The art of Properly Dissing Someone: Do you know how to do it?

Face it, we all get into verbal world wars, and have to stake our intellectual and personal claim. In other words, at times, people “be trippin'” and you gotta tell it like it is.

And since I tell it like it is, I’m gonna list some ways you can defeat a colleague in a verbal argument.

How To Diss.


1)Speak above Their Intellectual Level

This is the best way to diss someone because essentially, when it comes down to the nitty gritty of the matter, what you’re really saying is “You stoopid.”


Hello Kind Sir, the philanthropist of your X chromosome is a harlot from the ancient world.

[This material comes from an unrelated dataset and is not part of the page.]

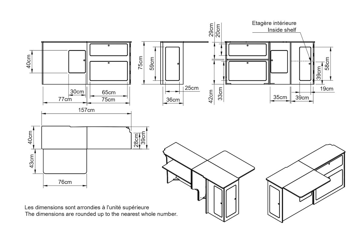 Unsere sorgfältig entworfene Möbeleinheit für Campervans fügt sich nahtlos in den Rest des Innenraums deines Vans ein und optimiert jeden Zentimeter Platz in deinem SWB-Van. Dieses durchdachte Design stellt sicher, dass du über den nötigen Stauraum, Arbeitsbereich und Esskomfort verfügst, um das Beste aus deinen Vanlife-Abenteuern zu machen.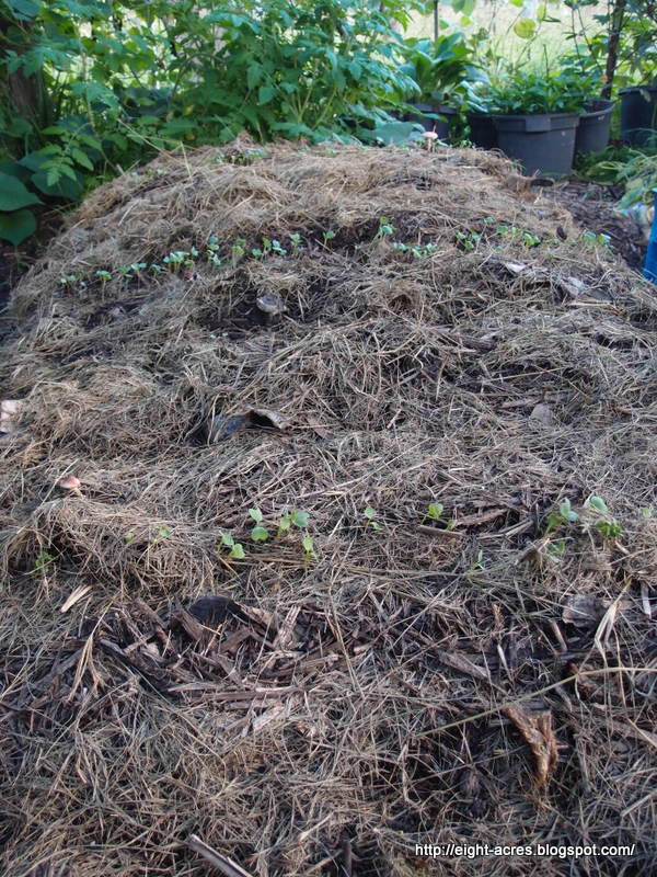 radish seedlings peeping through the mulch

Friend, your fellow colleagues are undoubtedly abnegating you because of your inability to transcend the understanding of fundamental phenomena and be anything but ostentatious about the strata of intellect you actually do not possess.

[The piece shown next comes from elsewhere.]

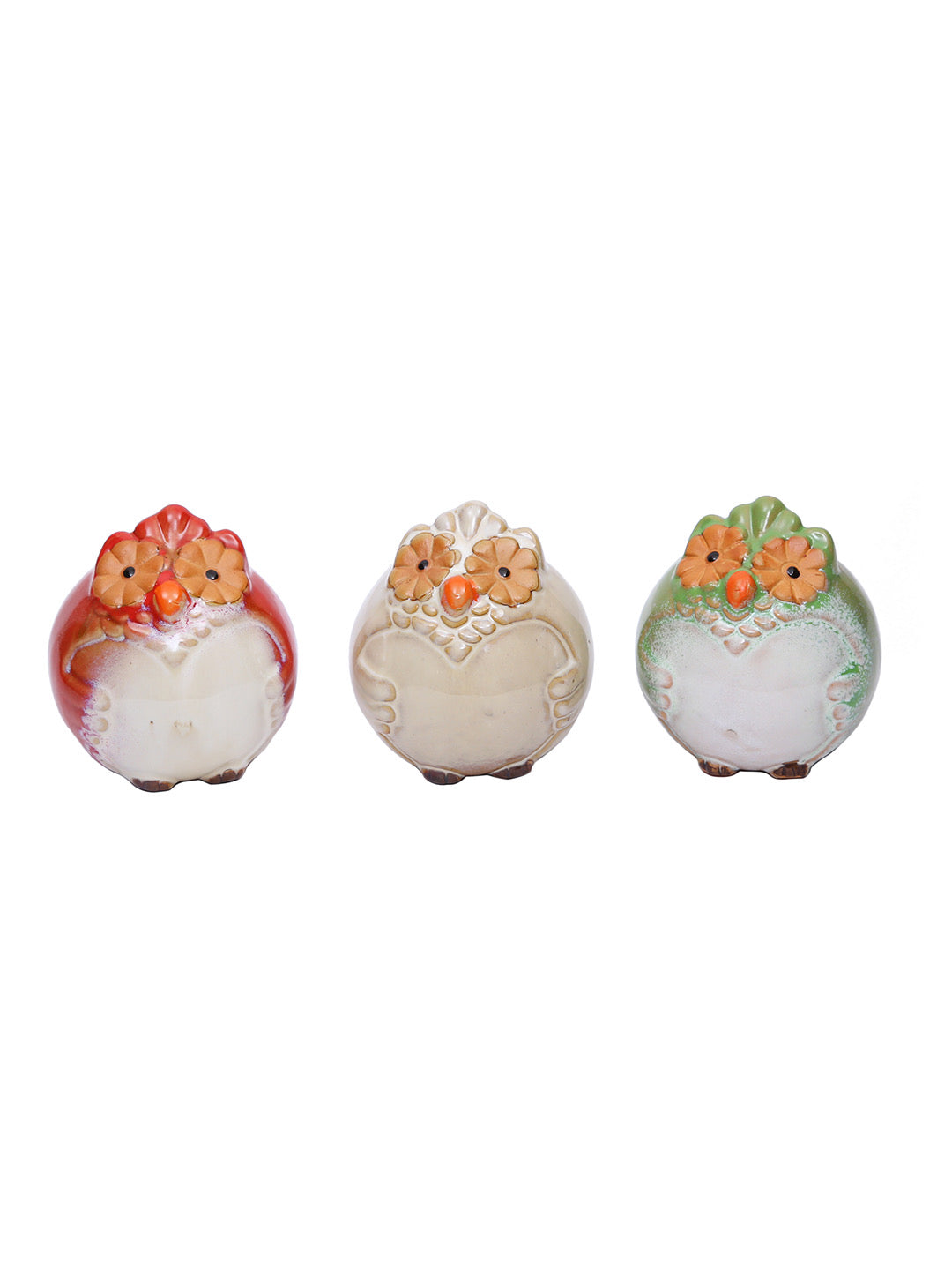 Adorable Flower-Eyed Colourful Ceramic Owl Trio

Remember though, that you can’t outwit someone who has a higher mental capacity than you. In other words, if you’re “stupid-er” than the person you are trying to diss, just skip to the next step.


2) Get Loud

Embarrassment is real. Regardless of who is right in the situation, or who is winning, the louder person gets all the “ooooooooo’s.”So, the person who just spoke about your weight being equivalent to a mammoth will be defeated if you just raise your voice and say “Yea, well, you’re ugly!!”

This isn’t nice, but of course, when are battles ever?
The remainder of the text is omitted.